Deep sequencing of ChIP DNA and bioinformatics analysis
Samples were prepared as described for ChIP, but the elution step after DNA purification was performed with H2O instead of elution buffer. If necessary, samples generated with the same antibody were pooled and volume was reduced by evaporation to 30 μl to obtain at least 10 ng of total DNA. Sequencing libraries were prepared from 10 ng of immunoprecipitated DNA with the NEBNext ChIP-Seq Library Prep Reagent (New England Biolabs) according to manufacturer's instructions. Cluster generation was performed using the cBot (Illumina Inc.). Sequencing was done on the HiSeq 2500 (Illumina Inc.) using TruSeq SBS Kit v3 – HS (Illumina) for 50 cycles. Image analysis and base calling were performed using the Illumina pipeline v 1.8 (Illumina Inc.). Raw and processed data have been deposited in the NCBI gene expression omnibus (GEO) under accession number GSE103199.
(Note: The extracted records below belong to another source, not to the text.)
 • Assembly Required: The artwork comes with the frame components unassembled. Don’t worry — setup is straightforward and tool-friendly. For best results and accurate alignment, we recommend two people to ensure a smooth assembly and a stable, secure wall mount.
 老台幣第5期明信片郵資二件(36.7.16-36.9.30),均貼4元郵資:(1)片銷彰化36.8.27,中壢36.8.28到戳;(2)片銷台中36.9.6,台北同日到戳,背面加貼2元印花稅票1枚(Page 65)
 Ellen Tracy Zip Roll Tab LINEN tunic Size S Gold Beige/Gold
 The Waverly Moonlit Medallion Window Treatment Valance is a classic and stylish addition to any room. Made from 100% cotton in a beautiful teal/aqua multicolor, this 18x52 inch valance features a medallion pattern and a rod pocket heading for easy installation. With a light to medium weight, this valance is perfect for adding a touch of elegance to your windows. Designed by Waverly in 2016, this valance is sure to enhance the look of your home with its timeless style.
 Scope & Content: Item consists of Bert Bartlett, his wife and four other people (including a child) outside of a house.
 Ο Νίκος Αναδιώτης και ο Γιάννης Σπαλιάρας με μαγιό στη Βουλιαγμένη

ChIP-Seq reads were converted to fastq format and aligned to a precompiled hg19 reference index with BOWTIE with -k option set to 1 (30). Sequencing data were controlled for general quality features using FastQC (http://www.bioinformatics.babraham.ac.uk/projects/fastqc/). Unambiguously mapped and unique reads were kept for subsequent generation of binding profiles and calling of peaks using MACS v1. (25) at default settings. In case of 3T3 cells uninduced clone 34 served as reference sample. In case of p19 we used corresponding input samples. All downstream analyses were done in R/BioConductor (http://www.bioconductor.org).
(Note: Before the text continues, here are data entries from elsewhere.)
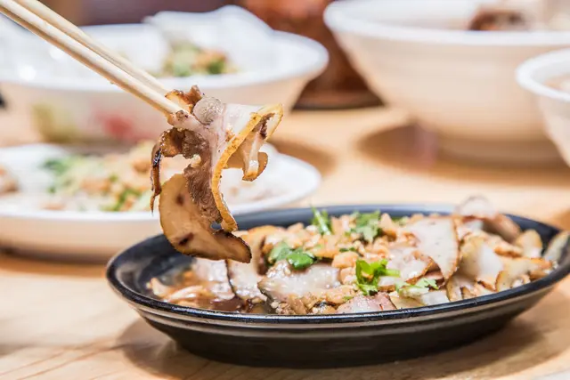 火燒涼拌,火燒涼拌也算是國旗屋的招牌菜了,據說是張老旺爺爺帶著柴火及器具到野外空地生火烤肉,整顆豬頭川燙後,以猛烈大火烤到表面乾黑,再用刀細心刮淨焦黑處,切片再與特製的雲式佐料涼伴,仔細聞可以聞到一股燒烤的香氣
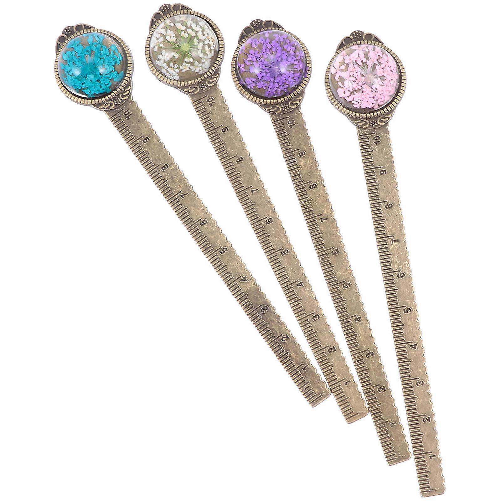 Dried Flower Bookmark Metal Page Marker Zinc Alloy 4Pcs
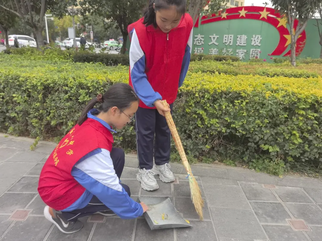 同学们手持清洁工具,分工协作,对西郊公园公共区域进行清扫。他们仔细清理枯枝败叶,认真擦拭道路护栏和公共设施,不放过任何卫生死角。经过数小时的辛勤劳动,清扫区域环境焕然一新。活动中,同学们还积极向市民宣传环保理念,倡导垃圾分类,展现了新时代少先队员的良好风貌。
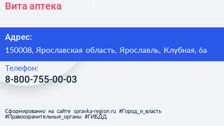 Вита, аптека по адресу 150008, Ярославская область, Ярославль, Клубная, 6а в дальнейшем Организация, размещена в следующих категориях:

Peaks identified by MACS at a Poisson P value < 10−5 and an FDR <5% were used for intersection analysis to determine the overlap in pairwise comparisons. Two peaks were determined to be overlapping in case they had a minimal overlapping interval of 1 bp.
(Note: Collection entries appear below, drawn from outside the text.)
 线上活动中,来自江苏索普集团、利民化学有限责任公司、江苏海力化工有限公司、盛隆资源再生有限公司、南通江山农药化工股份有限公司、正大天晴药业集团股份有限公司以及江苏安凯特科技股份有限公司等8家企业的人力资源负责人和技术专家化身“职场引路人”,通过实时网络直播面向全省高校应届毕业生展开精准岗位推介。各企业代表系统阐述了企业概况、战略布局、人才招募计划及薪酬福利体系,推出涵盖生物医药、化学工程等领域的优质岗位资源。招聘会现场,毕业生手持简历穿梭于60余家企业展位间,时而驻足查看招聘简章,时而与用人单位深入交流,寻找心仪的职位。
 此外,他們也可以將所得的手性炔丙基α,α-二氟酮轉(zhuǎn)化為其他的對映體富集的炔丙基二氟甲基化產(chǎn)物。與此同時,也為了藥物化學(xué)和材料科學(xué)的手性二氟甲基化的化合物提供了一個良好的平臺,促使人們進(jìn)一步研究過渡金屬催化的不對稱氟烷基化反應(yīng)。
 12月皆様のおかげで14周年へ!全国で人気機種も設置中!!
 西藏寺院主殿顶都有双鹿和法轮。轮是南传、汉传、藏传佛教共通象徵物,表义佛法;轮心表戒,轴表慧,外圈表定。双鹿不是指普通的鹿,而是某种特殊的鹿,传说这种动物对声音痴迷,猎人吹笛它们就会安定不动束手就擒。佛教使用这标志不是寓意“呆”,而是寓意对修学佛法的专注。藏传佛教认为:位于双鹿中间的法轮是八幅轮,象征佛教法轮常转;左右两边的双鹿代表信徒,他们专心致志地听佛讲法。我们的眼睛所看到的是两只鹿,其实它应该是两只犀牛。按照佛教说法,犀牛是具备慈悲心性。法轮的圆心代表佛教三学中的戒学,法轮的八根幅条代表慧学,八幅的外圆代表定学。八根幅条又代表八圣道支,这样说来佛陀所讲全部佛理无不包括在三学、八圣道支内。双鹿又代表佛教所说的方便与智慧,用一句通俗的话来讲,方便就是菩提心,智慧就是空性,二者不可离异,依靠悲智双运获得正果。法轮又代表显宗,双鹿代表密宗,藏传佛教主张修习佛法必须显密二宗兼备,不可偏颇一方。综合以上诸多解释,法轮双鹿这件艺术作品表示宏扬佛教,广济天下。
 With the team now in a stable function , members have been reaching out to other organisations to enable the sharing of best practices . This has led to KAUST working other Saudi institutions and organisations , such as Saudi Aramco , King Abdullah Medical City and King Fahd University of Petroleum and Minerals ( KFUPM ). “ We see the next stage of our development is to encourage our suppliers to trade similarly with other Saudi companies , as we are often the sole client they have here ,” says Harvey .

Analysis of CTCF core sequence preferences
The chromosomal locations, hg18 coordinates and CTCF sequences of all CTCF motifs of ranks 1 to 1000 were used as identified (31). We used the liftOver utility of the UCSC genome browser for converting CTCFL and CTCF peak intervals from hg18 to hg19 coordinates (32). The overlap of CTCF and CTCFL peaks with each genomic instance of the top 100 sequences was than calculated and presented as percentages.
Comparison between gene expression changes and CTCFL binding
CTCF/ CTCFL peaks were called as described above. Additional information about the chromatin state of CTCF/CTCFL sites was derived from publicly available H3K27ac data, which is known to mark active cis-regulatory chromatin segments (33):
H3K27ac peaks were called with MACS v1. In order to assign genes to peaks we followed the association rule 1 proposed by the Bejerano lab (36). In this basal plus extension rule we defined basal regulatory regions as the region from −5000 to + 1000 bp around the TSS. We extended this region to maximally 500 kb until it reaches the next neighboring basal domain. Using this set of regions, we assigned each peak to one or multiple genes. Gene expression changes were determined by Affymetrix Gene arrays and corresponding log2-transformed gene expression changes were compared between all genes, genes bound by CTCFL or genes bound by H3K27ac-overlapping CTCFL binding sites. Wilcoxon signed rank test were performed in order to test for statistical differences between groups.
RNA analysis
For microarray analysis RNA was also isolated using RNeasy Mini Kit and Microarrays were performed using either Affymetrix Gene 1.0 ST Platform (NIH3T3 cells) or Affymetrix Gene 2.0 ST platform (P19 cells). In case of p19 cells, raw data was analysed using Affymetrix own software suite (Expression console & Transcriptome analysis console). In case of NIH3T3 cells, CEL files were processed using the Aroma.Affymetrix package with RMA background subtraction and quantile normalization. Deregulated genes were also verified by qPCR.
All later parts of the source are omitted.